Chinese Imports Affected
Of course, since gold is widely exported in China, this drop in the market as well as a loss in the confidence of the Chinese gold market could also mean a big impact on the import market for the country. Loss of confidence may mean that Chinese importers cannot command the kind of exchanges they have in the past, with the yen continuing to drop against the U.S. dollar.
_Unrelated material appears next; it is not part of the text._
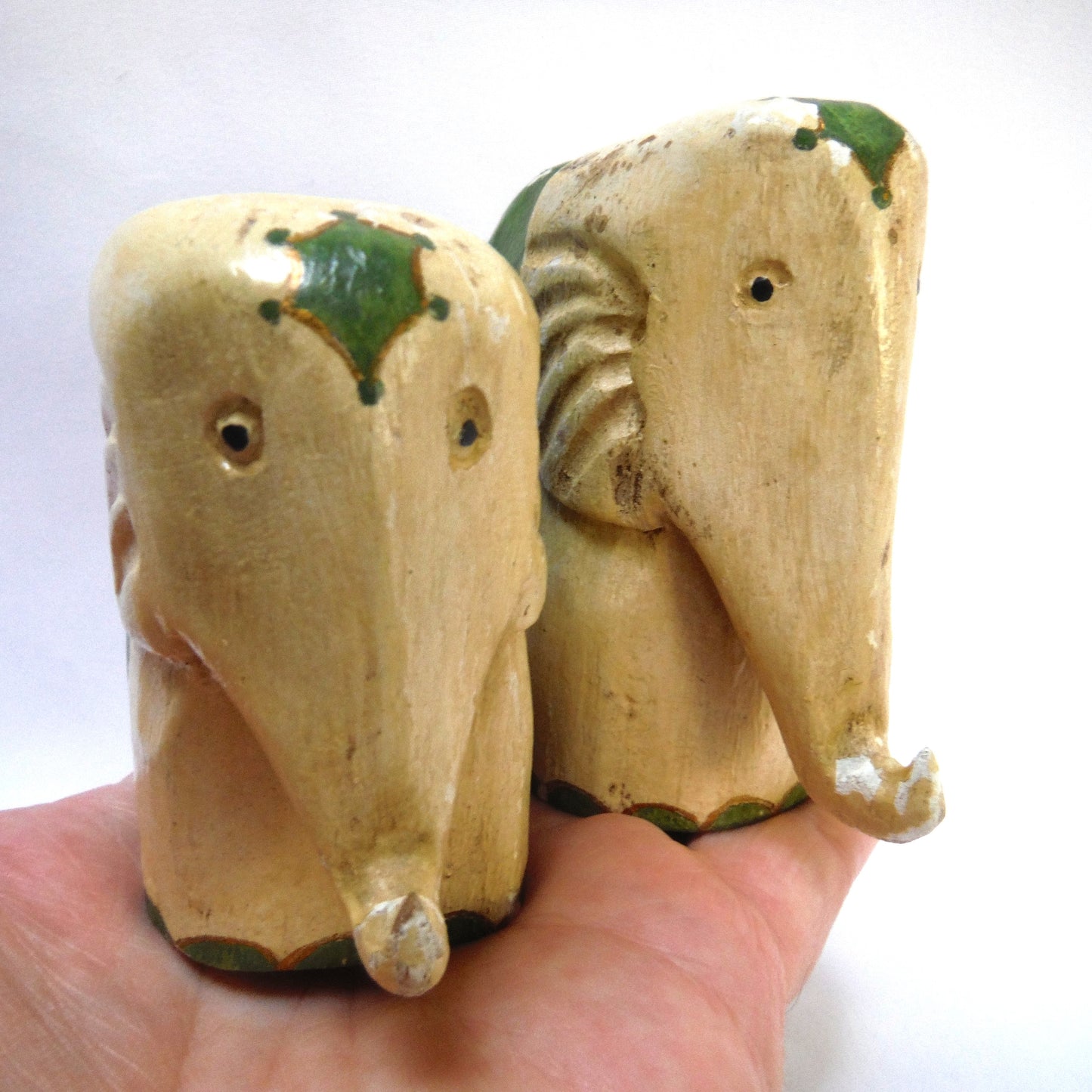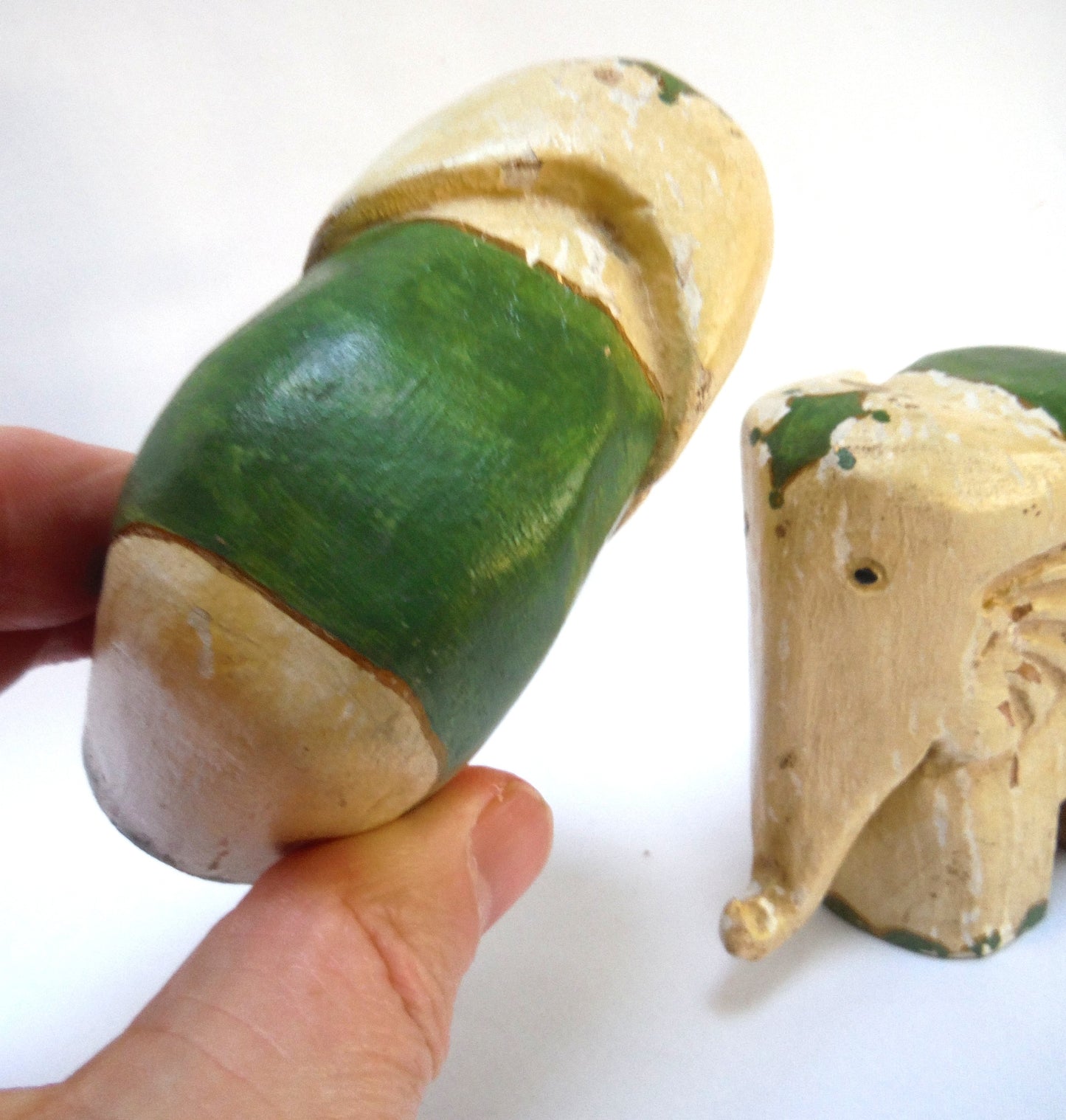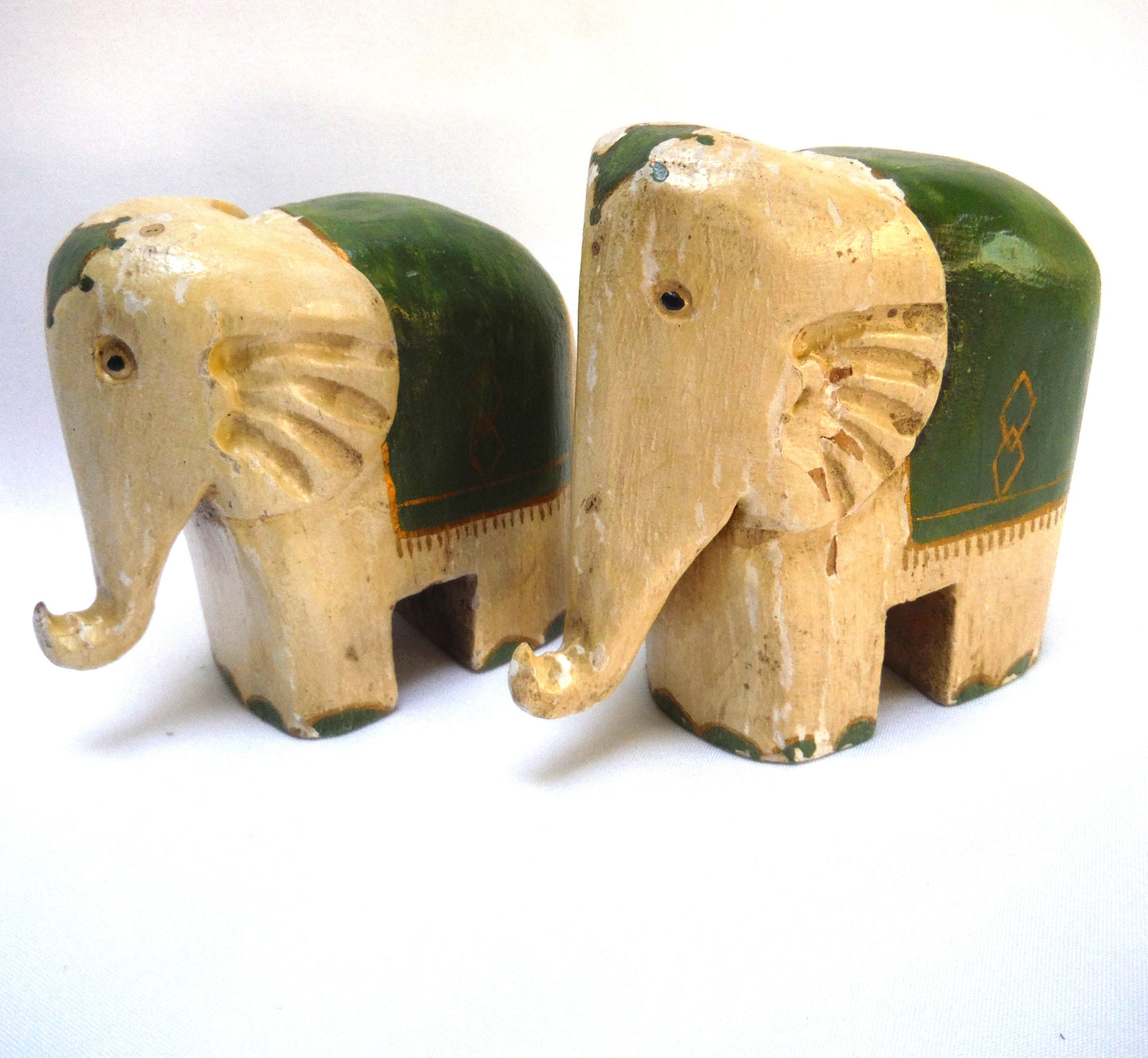 A Pair of Small Wooden Hand-Carved and Painted ELEPHANTS, Hand Made in Equador

The Changing Face of China
One of the big reasons for the drop in retail sales of gold jewelry in China is the changing tastes of the Chinese people themselves. Gold jewelry, once a staple of the country as a way for anyone to show their wealth, has continued to lose popularity. The westernization of the Chinese people has led the way to new shows of wealth such as in cars, property and out of country real estate. As a result, true wealth is no longer held in accumulating gold jewelry. Thus, the changes in the retail market are bound to continue until the gold jewelry market can find an answer to this shift in the retail demand.
Retail Gold Sales
At the end of the trail is the price of gold jewelry in the retail trade. In some ways it is a case of the tail wagging the dog, since retail sales are the result of low gold prices but when retail sales of gold jewelry in China drops, so does the value of all Chinese products against this backdrop. Banks will be left to begin limiting the amount of leasing they are willing to do against projected gold sales if the manufacturers continue to fail on their loans.